Garut, Pojokberita.co.id,- Buntut dari kekecewaan terhadap Kepala Dinas Pendidikan (Kadisdik) Kabupaten Garut yang dinilai selalu mangkir dalam audiensi yang diusung Himpunan Mahasiswa Islam (HMI) Cabang Garut berbuah aksi unjuk rasa pada Selasa (11/10) lalu.

Aksi unjuk rasa yang diwarnai pembakaran ban di depan halaman Kantor Disdik Garut, Jalan Pembangunan, Tarogong Kidul, Garut, Jawa Barat tersebut mendapat kawalan dari TNI dan Polri.

Read More

Ketua HMI Cabang Garut, Sulton Hidayatullah yang dikonfirmasi melalui sambungan selulernya membeberkan, terkait alasan unjuk rasa yang di gelarnya, Jumat (14/10).

“Hari Selasa lalu kita menggelar Aksi di depan Kantor Dinas Pendidikan Kabupaten Garut karena ada hal yang menurut kita perlu disikapi secepatnya,” beber Sulton.

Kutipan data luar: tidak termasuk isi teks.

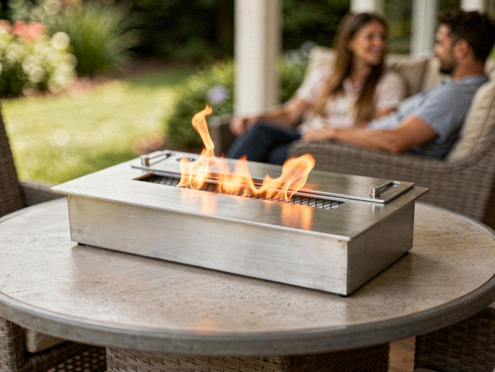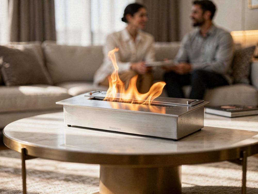 NB10 ist ein Verbrennungsblock im Format (LxPxH: 30x13x6 cm) und leicht (4kg), der mit einer doppelten Edelstahlschicht und Keramikfasern im Inneren hergestellt wird, um ein sicheres Feuer zu gewährleisten. Mit vollem Tank haben Sie eine Autonomie von bis zu 4 Stunden. Die Öffnung des Deckels ermöglicht es, die Intensität der Flammen zu regulieren, so dass Sie die Atmosphäre nach Ihren Wünschen anpassen können, und wenn Sie das Feuer stoppen möchten, können Sie das Abschaltwerkzeug verwenden.
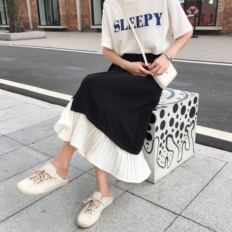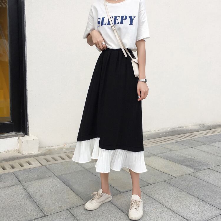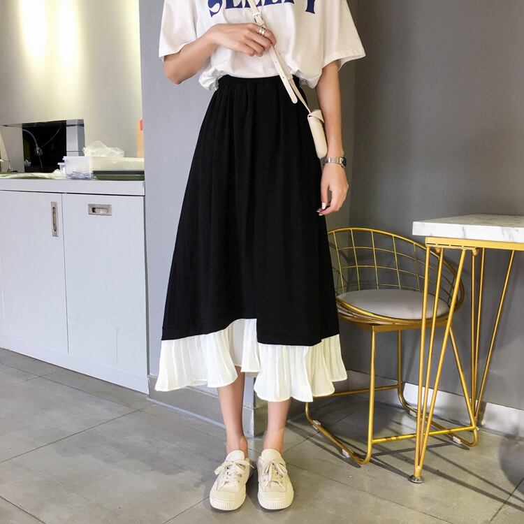夏のシフォンスカート女性緩いハイウエストロングスカートaラインスカートミドル丈2020新しい学生のスカート misskkl27210311563

Menurut Sulton setidaknya ada tiga poin yang disikapi, pertama Pelayanan Publik yang buruk karna sampai empat kali HMI melayangkan surat audiensi ke Disdik Garut tidak pernah ada surat balasan.

“Dua kali kita audensi itupun bukan Kadis yang menerima kita, beliau belum pernah menemui kita, ini sangat bertentangan dengan Undang-Undang No 25 Tahun 2009 Tentang Pelayanan Publik,” ujarnya dengan nada kecewa.

Ketua HMI Garut menyebutkan, kedatangan mereka terkait dengan laporan masyarakat tentang Penyelewengan dan Pungutan Liar Program Indonesia Pintar (PIP) dan Biaya Oprasional Sekolah (BOS).

“Beberapa pekan kemarin kita menyebarkan angket kepada masyarakat untuk mengecek sejauh mana Sekolah-sekolah menggunakan Dana Bos, dan ternyata hasilnya sangat jauh dari harapan,” sebutnya.

Tidak hanya itu, Sulton juga menyebutkan, pungutan liar dalam PIP sangat bertentangan dengan Permendikbud RI Nomor 44 Tahun 2019 TentangPenerimaan Peserta Didik Baru
Pada TK, SD, SMP, SMA dan SMK.

Sikap Kadisdik yang dianggap tidak kooperatif, maka HMI Cabang Garut akan langsung menemui Bupati Garut, guna membicarakan persoalan ini. (***).